§ WHAT IS BEING ASKED
Once the line holding "Azura Exchange Pink" is found in the listing below, write it out and each later line exactly, up to and including the one holding "(4) Search keywords".

§ PROVIDED RECORDS
= Beginning of Section =
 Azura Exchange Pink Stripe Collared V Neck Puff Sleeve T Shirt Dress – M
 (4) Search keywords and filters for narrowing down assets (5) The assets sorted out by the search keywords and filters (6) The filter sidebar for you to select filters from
= End of Section =
= Beginning of Section =
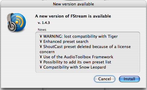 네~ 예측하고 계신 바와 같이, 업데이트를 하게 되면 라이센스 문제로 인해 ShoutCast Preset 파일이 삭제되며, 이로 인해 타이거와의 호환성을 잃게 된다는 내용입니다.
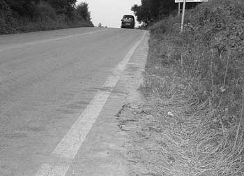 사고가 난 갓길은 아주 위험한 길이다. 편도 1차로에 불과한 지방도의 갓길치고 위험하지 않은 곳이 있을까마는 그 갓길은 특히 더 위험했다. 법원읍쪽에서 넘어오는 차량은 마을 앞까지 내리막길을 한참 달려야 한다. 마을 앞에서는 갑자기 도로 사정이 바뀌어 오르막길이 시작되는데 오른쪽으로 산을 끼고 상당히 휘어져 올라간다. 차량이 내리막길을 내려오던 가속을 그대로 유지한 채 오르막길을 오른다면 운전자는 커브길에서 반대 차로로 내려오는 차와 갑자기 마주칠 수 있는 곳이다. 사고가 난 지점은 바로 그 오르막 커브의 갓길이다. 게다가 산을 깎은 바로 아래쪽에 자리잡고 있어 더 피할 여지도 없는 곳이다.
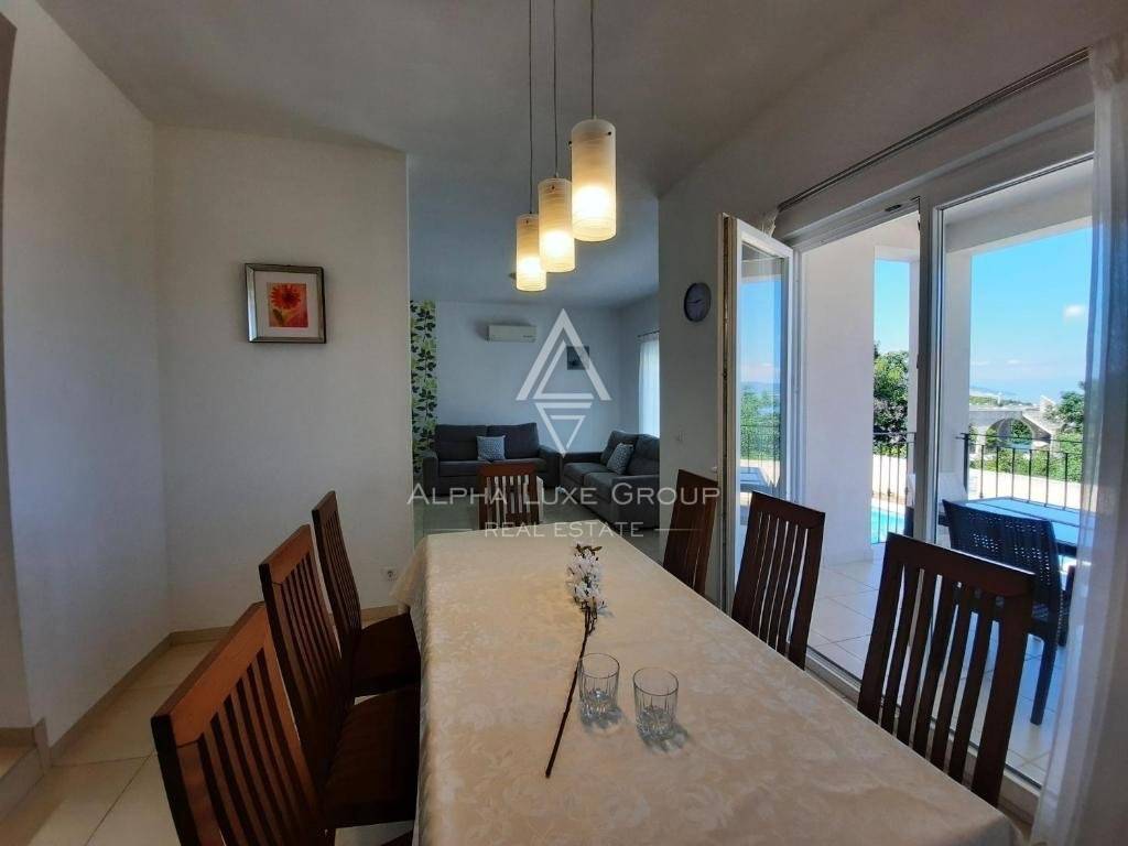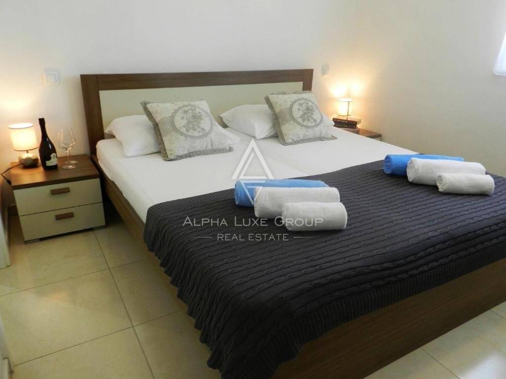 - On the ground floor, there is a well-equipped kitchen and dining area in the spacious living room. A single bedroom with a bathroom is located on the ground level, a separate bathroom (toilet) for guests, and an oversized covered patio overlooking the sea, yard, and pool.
= End of Section =
= Beginning of Section =
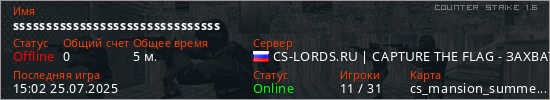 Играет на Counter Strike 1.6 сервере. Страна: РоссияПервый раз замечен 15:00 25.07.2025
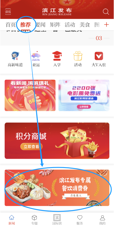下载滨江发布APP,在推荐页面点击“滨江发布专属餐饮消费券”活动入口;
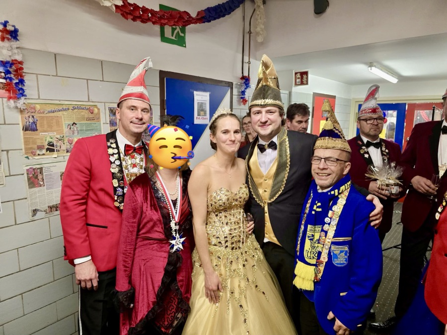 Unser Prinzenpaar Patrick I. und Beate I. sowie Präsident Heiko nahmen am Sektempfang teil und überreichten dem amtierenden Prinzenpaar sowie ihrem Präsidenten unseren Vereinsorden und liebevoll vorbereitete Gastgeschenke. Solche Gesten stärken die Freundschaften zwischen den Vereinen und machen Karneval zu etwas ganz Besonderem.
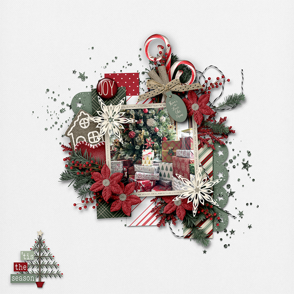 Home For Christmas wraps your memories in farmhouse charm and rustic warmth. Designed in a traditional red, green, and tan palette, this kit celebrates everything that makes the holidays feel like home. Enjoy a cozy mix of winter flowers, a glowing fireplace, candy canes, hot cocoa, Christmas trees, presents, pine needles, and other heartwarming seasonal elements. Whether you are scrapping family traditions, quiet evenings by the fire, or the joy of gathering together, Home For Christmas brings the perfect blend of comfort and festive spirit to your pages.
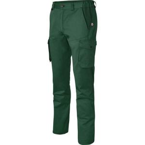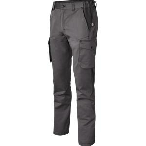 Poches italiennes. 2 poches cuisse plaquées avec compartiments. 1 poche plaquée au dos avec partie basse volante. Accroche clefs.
= End of Section =
§ ANSWER FOR THIS EXERCISE
 Azura Exchange Pink Stripe Collared V Neck Puff Sleeve T Shirt Dress – M
 (4) Search keywords and filters for narrowing down assets (5) The assets sorted out by the search keywords and filters (6) The filter sidebar for you to select filters from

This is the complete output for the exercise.